Just recently, there has been a worldwide hacking on WordPress sites. The attack which was all over the internet news headlines, was briefly described as hackers aiming their botnet at WordPress sites with the intention of gaining access to the server. To explain further, the websites and blogs powered by WordPress has been hit by a brutal and immense network of compromised home PCs controlled by unscrupulous hackers. And the hackers are just beginning since experts believed that this is a preparation for a larger attack. This time, they will be using a larger botnet of servers. Should this happen in the future, this could cause a greater problem since servers have more network connections and can accommodate larger traffic.
How do the attackers get in your WordPress site?
A week after WordPress created a two-step authentication log-in option, WordPress attacks has increased drastically from an average of 50,000 a day in the beginning of April to around 1,000,000 by April 11th.

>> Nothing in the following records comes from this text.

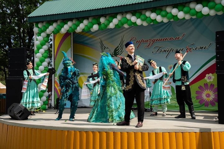 The main theme of the holiday is the preservation of national traditions and cultural diversity. Under the still mild morning sun, the invited artists in Tatar national costumes performed the choreographic composition Prologue.
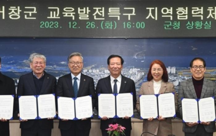 거창군은 지난 26일 군청 2층 상황실에서 교육청, 지역대학, 학교, 공공기관, 지역 기업 대표 7명과 실무자들이 모여 교육발전특구 지역협력체 회의를 열고 특구 시범지역 지정 공모 신청을 위한 상호 협약을 체결했다. 이날 회의는 구인모 군수, 이명주 거창교육지원청
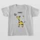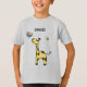 T-Shirt com girafa bonita em laranja-amarelo com uma ave e uma abelha. Você pode personalizar o nome, a fonte, o tamanho e o posicionamento, o texto é totalmente editável. Também é possível alterar o tamanho da imagem.
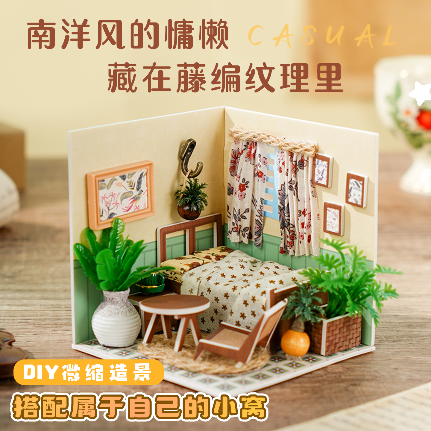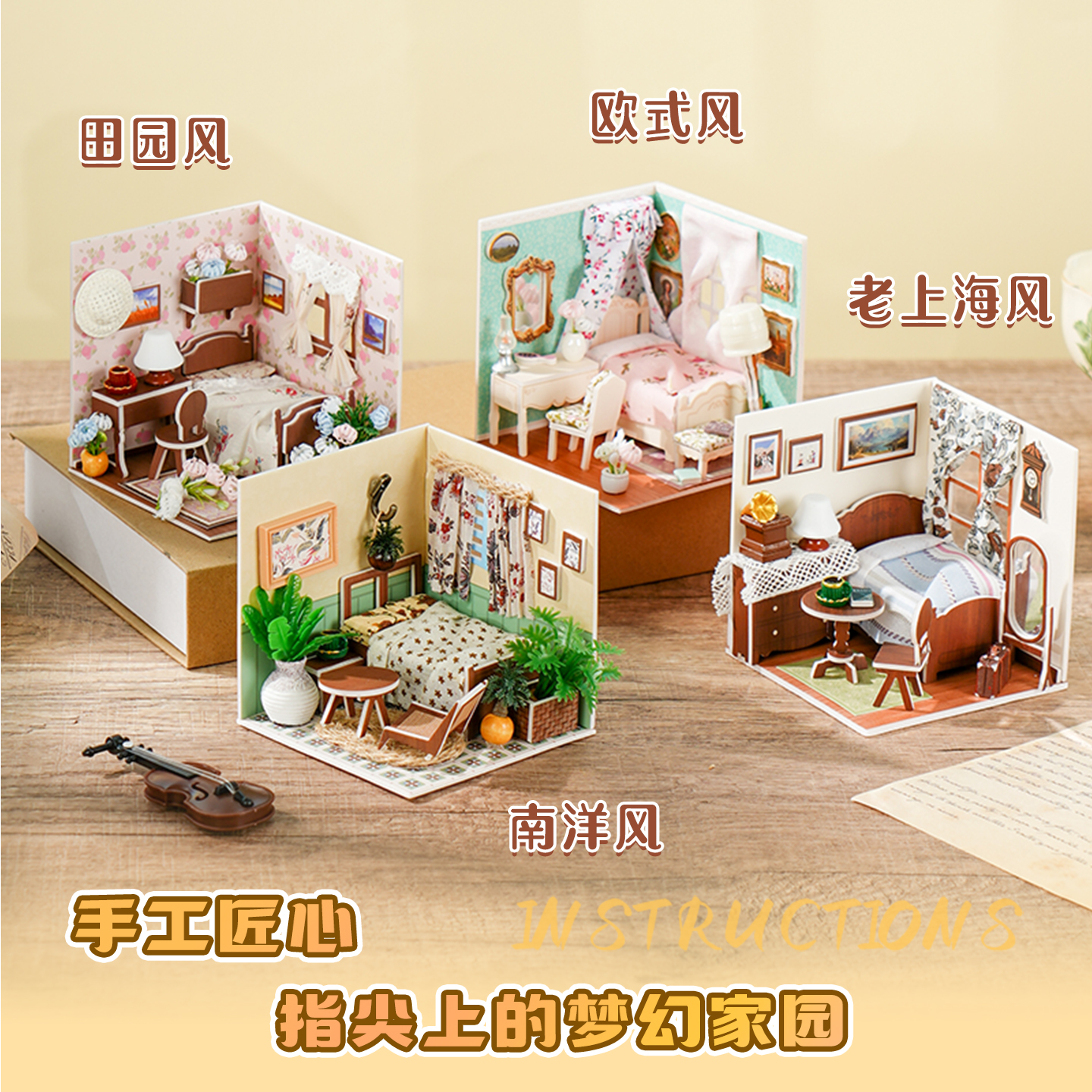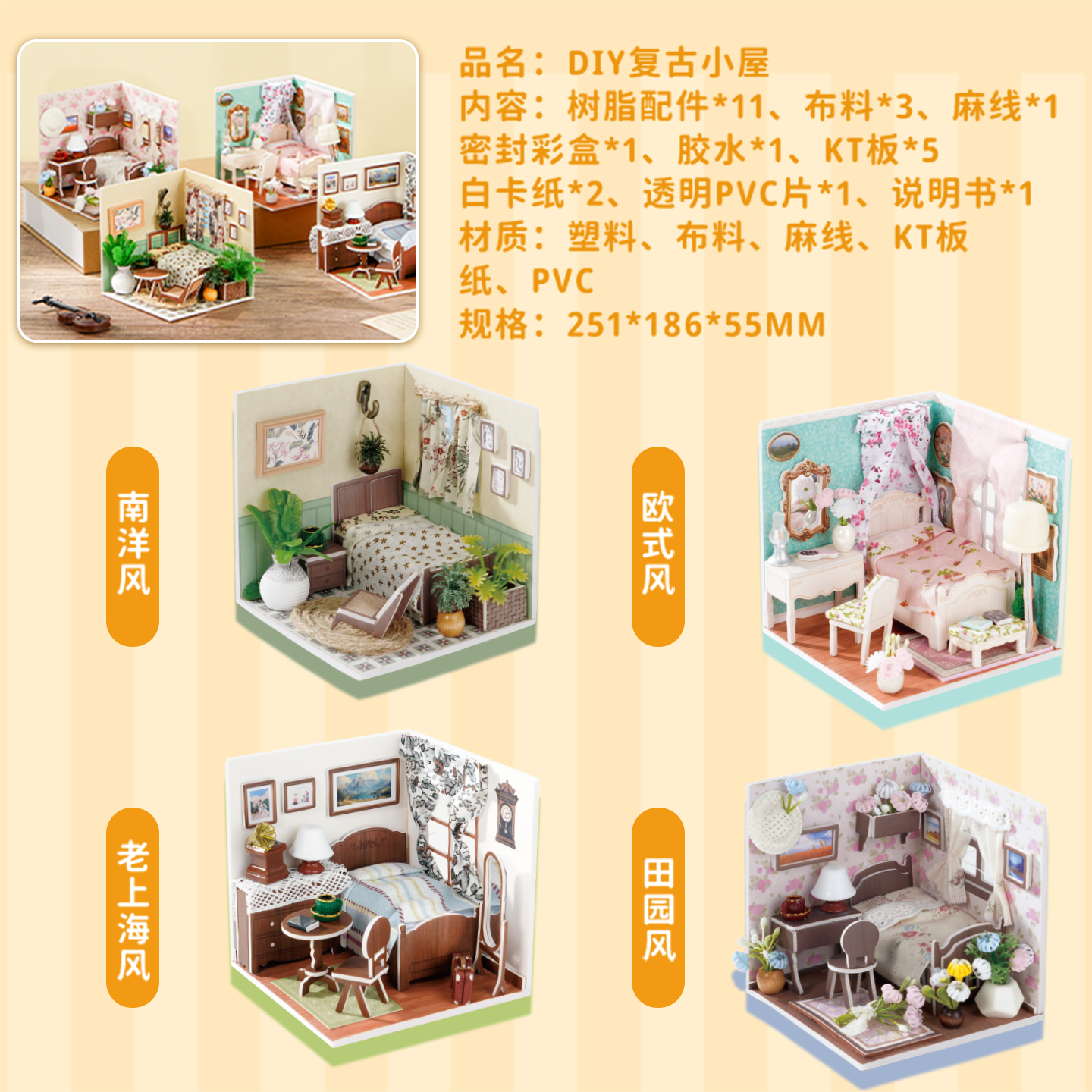 悦木DIY小屋复古小屋木质拼装模型积木迷你学生益智玩具创意礼物
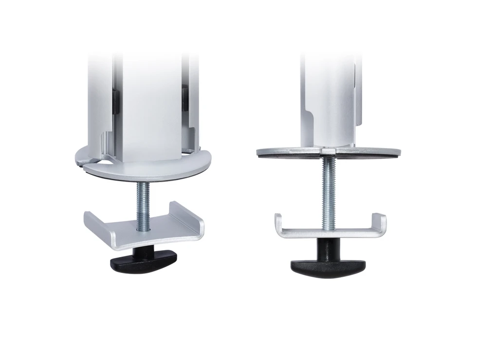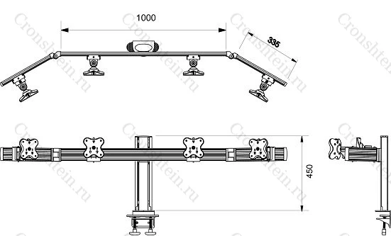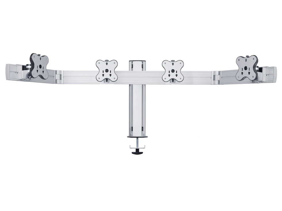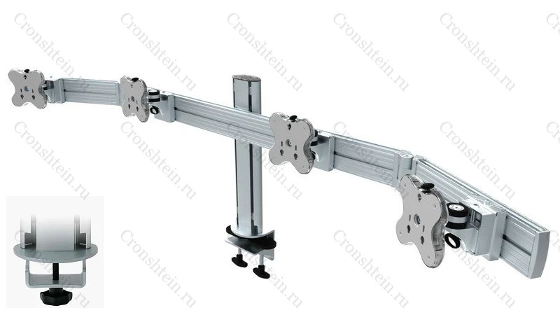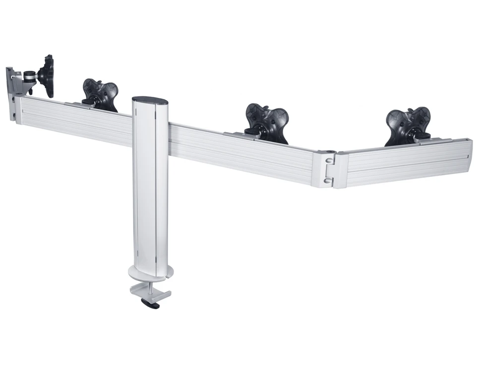 Настольное изогнутое крепление для трех мониторов до 24 дюймов в ряд. Доступна регулировка высоты в пределах 45 см, вращение на 360 и наклон на 30 градусов. VESA 75х75, 100х100. Используется крепление типа втулка. Максимальная нагрузка 48 кг.

The hackers execute their sneaky attack by injecting malware into the computer without the owner’s knowledge. They use the botnets to decipher the username and password combination, to which task, the botnets never give up trying.
There are two main factors that gave hackers leeway to their successful attacks. As mentioned previously, botnets are figuring out the WordPress site’s username and password. With the WordPress site’s default username as ‘admin’ which some owners doesn’t bother to change, hackers can easily surpass the first step to their attack. If combined with an easy to manage password, the WordPress site is already a give-away to a problematic attack. The epidemic should not be taken as WordPress’ weakness. WordPress is a secure content management system but if the account owner is negligent, attackers won’t have a hard time breaking in.

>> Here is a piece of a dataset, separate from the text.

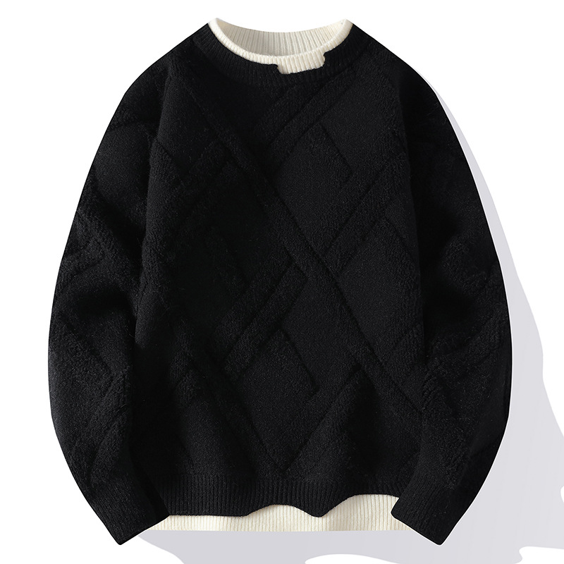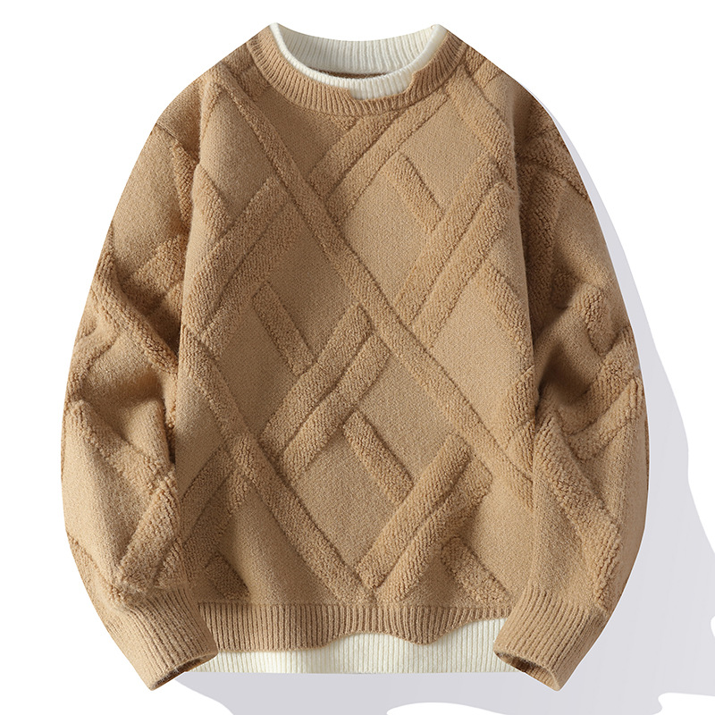 Elevate your layering game with this ultra-soft sweater, crafted from a premium wool blend for unmatched comfort and warmth. Featuring a dimensional crosshatch pattern and a unique double-layered collar, it’s a stylish piece that seamlessly blends texture and design.
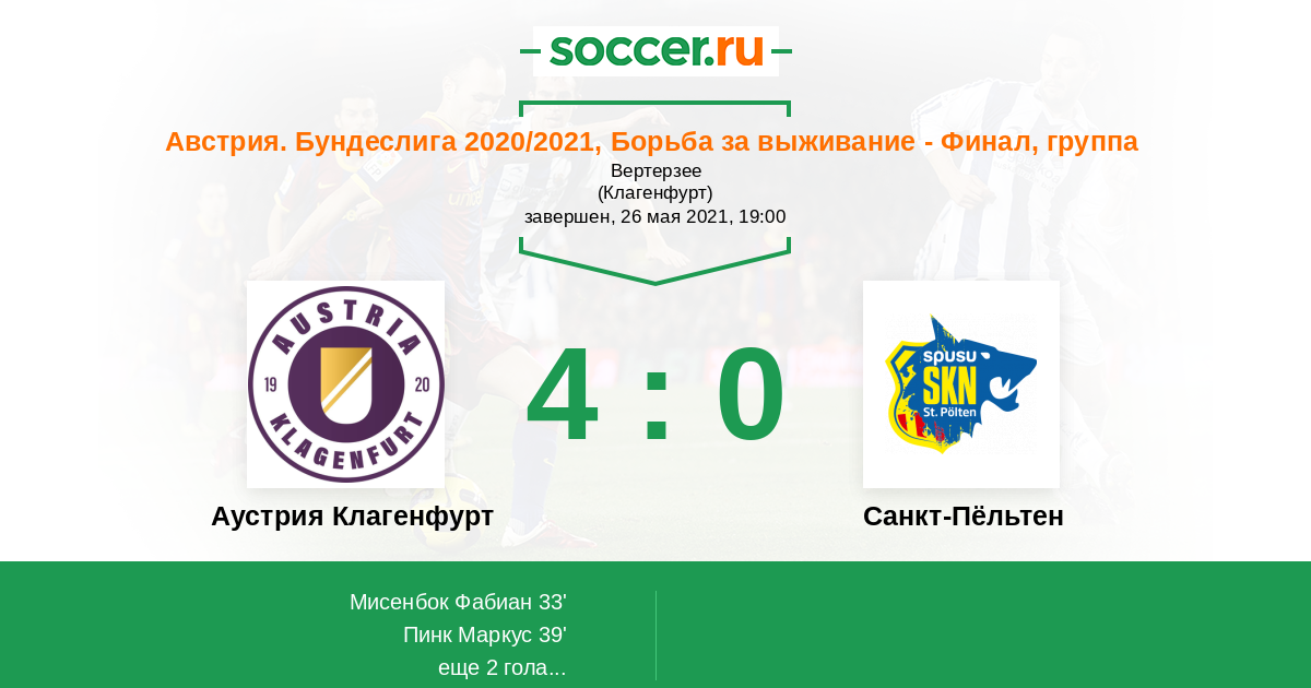 Протокол матча Аустрия Клагенфурт против Санкт-Пёльтен

Simple yet effective suggestions that will lower your WordPress site’s risk
If you have a website or blog that is powered by WordPress, then it’s about time to take the necessary precautions. This statement may sound like a set of complicated steps coming but these are actually simple to implement. To start off, the username should be changed from the default ‘admin’. The attackers were believed to have also used a dictionary attack strategy which directed the move to find the password for ‘admin’ accounts. With this in mind, it follows that having a username that is more obscure can provide a good defense. Another obvious measure which most WordPress site owners fail to use is to use a strong password. Owners of WP.com account can also use the two-step authentication. It will also help a lot to use the latest WordPress version and ensure that the plugins are updated.

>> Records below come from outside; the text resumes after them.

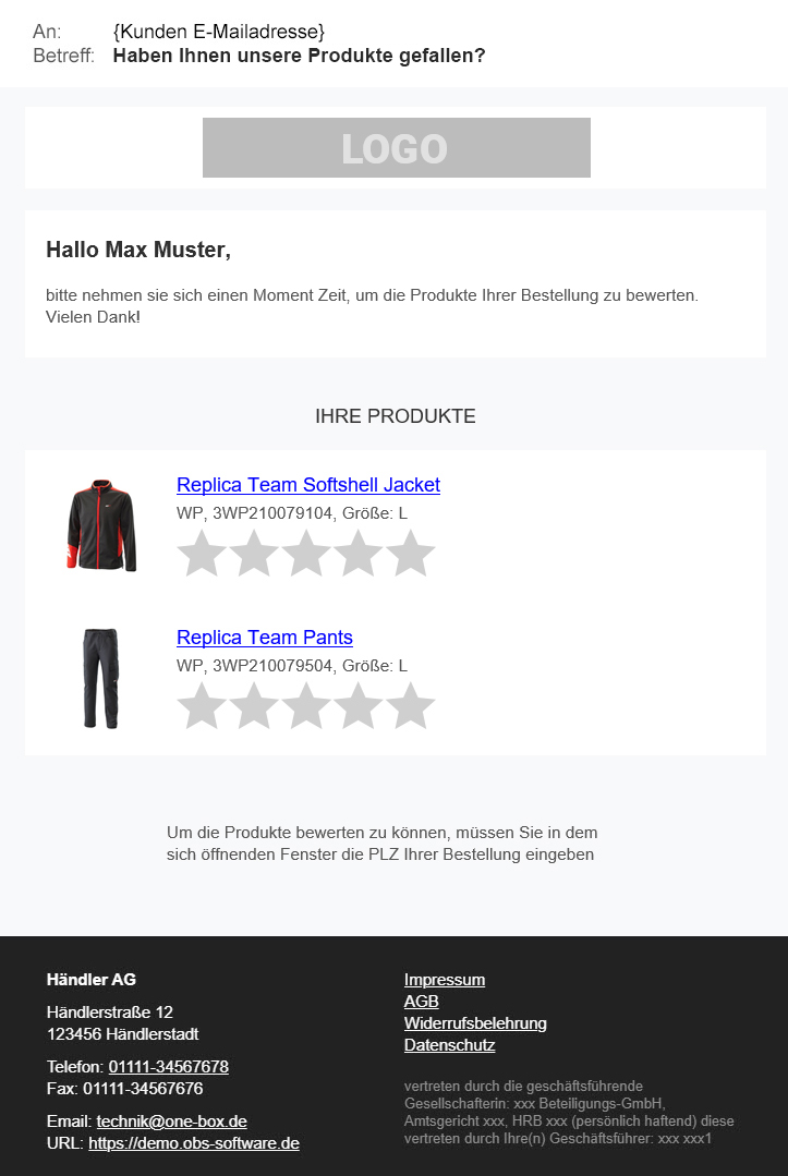 - Sende E-Mails, um nach Produktbewertungen zu fragen
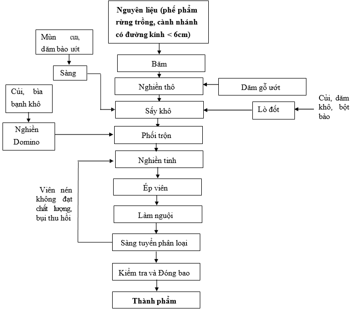 Nguyên liệu cho dây chuyền sản xuất gồm: phế phẩm rừng trồng, cành nhánh cây có đường kính < 6cm và củi bìa, gỗ ván lạng, mùn cưa, dăm bào, thu mua từ các nhà máy chế biến gỗ.
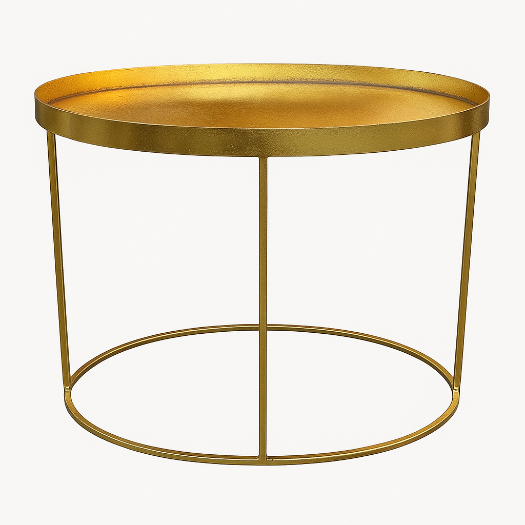 This small oval gilt metal table combines modern elegance with compact versatility. Featuring a smooth gold-finished top and a minimalist metal frame, it serves perfectly as a side table, accent table, or nightstand. Ideal for small spaces, its reflective surface adds a luxe touch to any modern, glam, or art deco décor.
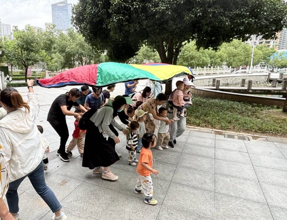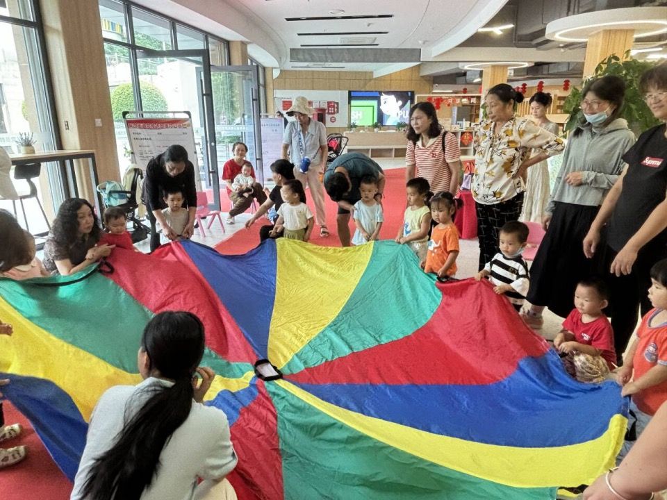 隨后的游戲環(huán)節(jié)形式多樣、內(nèi)容豐富,在指導(dǎo)老師生動(dòng)形象的演示下,小朋友們專注投入到“模式過河”“一座小橋平地起”等游戲中,孩子們認(rèn)真觀察、用心體驗(yàn),沉浸在童趣與幻想空間中。在親子游戲“捕魚達(dá)人”環(huán)節(jié),指導(dǎo)老師動(dòng)員家長參與其中,共同完成游戲任務(wù),與小朋友們一同成長互動(dòng),感受幸福與滿足。參與此次活動(dòng)的社區(qū)居民連連稱贊,表示此次活動(dòng)不僅幫助家長們建立了科學(xué)托育理念,也增進(jìn)了親子關(guān)系。

Taking these precautionary measures is important. But it is just as important to prepare for the worst, considering the recent occurrence of the widespread attack on WordPress sites. Backing up your website can take some or a part of your precious time but it will certainly be a life-saver should your WordPress site be compromised.
People liked WordPress for several reasons. It is fast to set up and easy to manage even with large amounts of content. It is also possible to add different functions with the increasing number of developers creating free plugins that WordPress site owners can take advantage of. But amidst these simplicities, it is important to be vigilant and take the necessary security measures. While the recent rampant WordPress site attacks may have already shaken some websites or blogs, let this be a forewarning to the fortunate ones who should fit in time to do a considerable amount of hacking prevention.